Рисунок 1: Ферроптотический фенотип клеток медуллобластомы. Репрезентативные микрофотографии клеток DAOY WT, обработанных (или не обработанных) в течение 6 ч 1 мкМ эрастина (ERA), 0,3 мкМ RSL3 или 250 мкМ цитрата ферроаммония (FAC) в присутствии или без 2 мкМ ингибитора ферроптоза Ферростатин-1 (Ферро-1). Белыми стрелками обозначены круглые, «пузырящиеся» клетки, указывающие на ферроптотический фенотип, видимый под световым микроскопом. Увеличение: 20x, вставки: 40x. Масштабные линейки: 50 μм, вставки: 10 μм. Пожалуйста, нажмите здесь, чтобы просмотреть увеличенную версию этого рисунка.

Рисунок 2: Гидропероксид липидов как ключевой маркер ферроптоза в клетках медуллобластомы. Репрезентативные данные окрашивания гидропероксида липидов методом проточной цитометрии в клетках, обработанных в течение 6 ч (A,B) 1 мкМ эрастина (ERA), (C,D) 0,3 мкМ RSL3 или (E,F) 250 мкМ цитрата ферроаммония (FAC), в присутствии или без 2 мкМ ингибитора ферроптоза Ферростатина-1 (Ferro-1). (А,С,Е) Точечные графики зафиксированных событий; (Б,Д,Ж) Гистограмма представления содержания гидропероксида липидов. Пожалуйста, нажмите здесь, чтобы просмотреть увеличенную версию этой цифры.

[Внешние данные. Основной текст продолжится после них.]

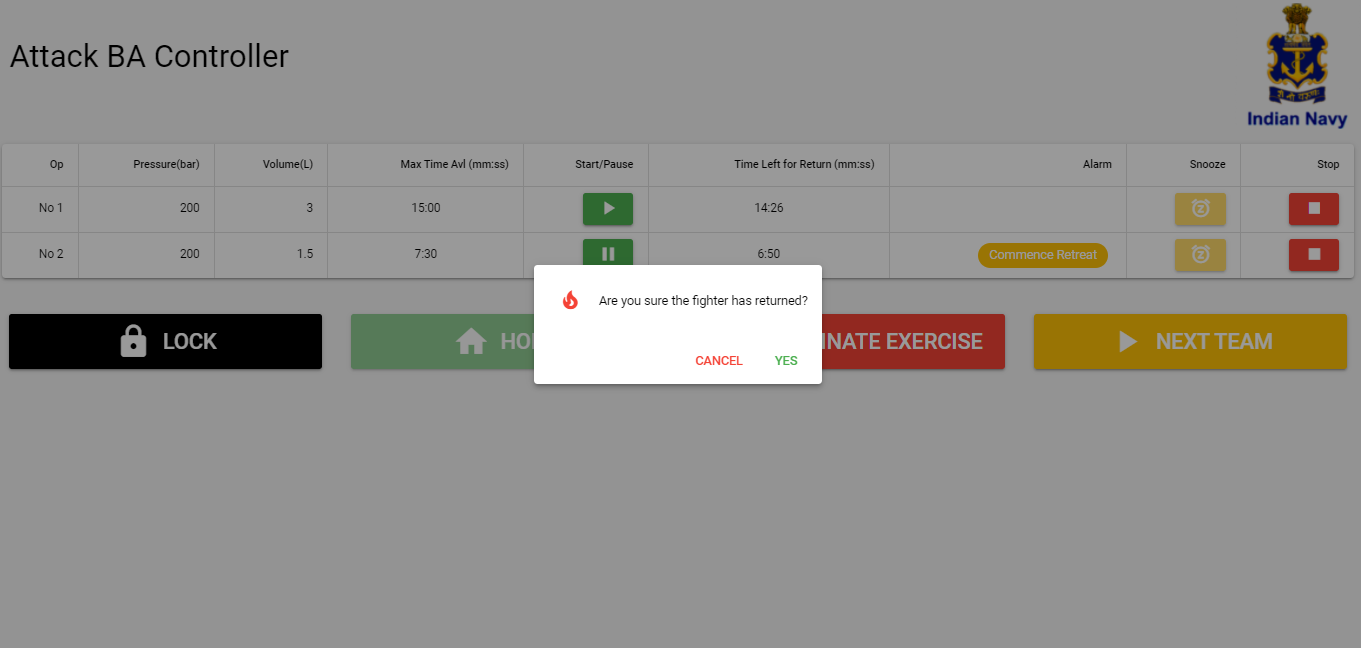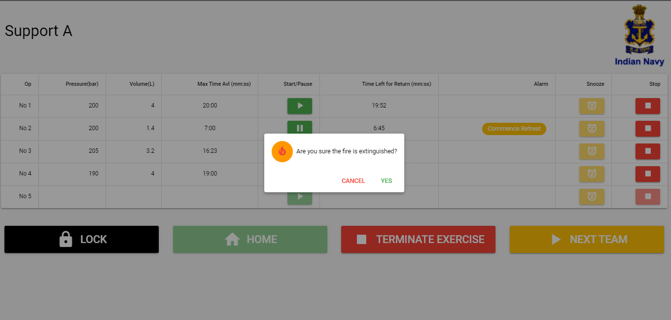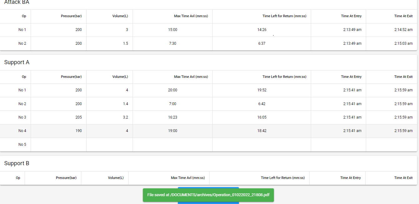 An Android app was developed to monitor the optimum time period, fire-fighters can be exposed with available oxygen, featured with proper visual and audio alarms and maintenance of regular operation reports.

Рисунок 3: Индукция гибели ферроптозных клеток фармакологическим подходом. Репрезентативные точечные диаграммы проточной цитометрии клеток, окрашенных йодидом пропидия, через 6 ч обработки 1 мкМ эрастина (ЭРА), 0,3 мкМ RSL3 или 250 мкМ цитрата ферроаммония (ФАК), в присутствии или без 2 мкМ ингибитора ферроптоза Ферростатин-1 (Ферро-1). Стробирование разделяет живые (Q4) и мертвые (Q3) популяции клеток. Пожалуйста, нажмите здесь, чтобы просмотреть увеличенную версию этой цифры.

Рисунок 4: Индукция ферроптоза генетическим подходом. Репрезентативные данные окрашивания гидропероксида липидов методом проточной цитометрии в клетках DAOY WT и xCT-/- через 6 ч в присутствии или без 2 мкМ ингибитора ферроптоза Ферростатин-1 (Ферро-1). Слева представлена гистограмма содержания гидропероксида липидов. Справа расположены точечные графики записанных событий. Пожалуйста, нажмите здесь, чтобы просмотреть увеличенную версию этой цифры.

Таблица 1: Детали лечения контрольных и экспериментальных клеток.

Дополнительный рисунок 1: Гибель ферроптозных клеток DAOY xCT-/- . (A) Вестерн-блоттинг уровня xCT в DAOY WT и xCT-/- клетках в средах DMEM, дополненных или не дополненных 2 мкМ ферростатина-1. (B) Репрезентативные микрофотографии клеток DAOY xCT-/- в присутствии (слева) и отсутствии (справа) 1 мМ N-ацетилцистеина в течение 6 ч. Белыми стрелками обозначены круглые, «пузырящиеся» клетки, указывающие на ферроптотический фенотип, видимый под световым микроскопом. Увеличение: 40x. Масштабные линейки: 10 μм. Пожалуйста, нажмите здесь, чтобы скачать этот файл.

Мы заявляем об отсутствии конфликта интересов в отношении исследования, представленного в настоящем документе.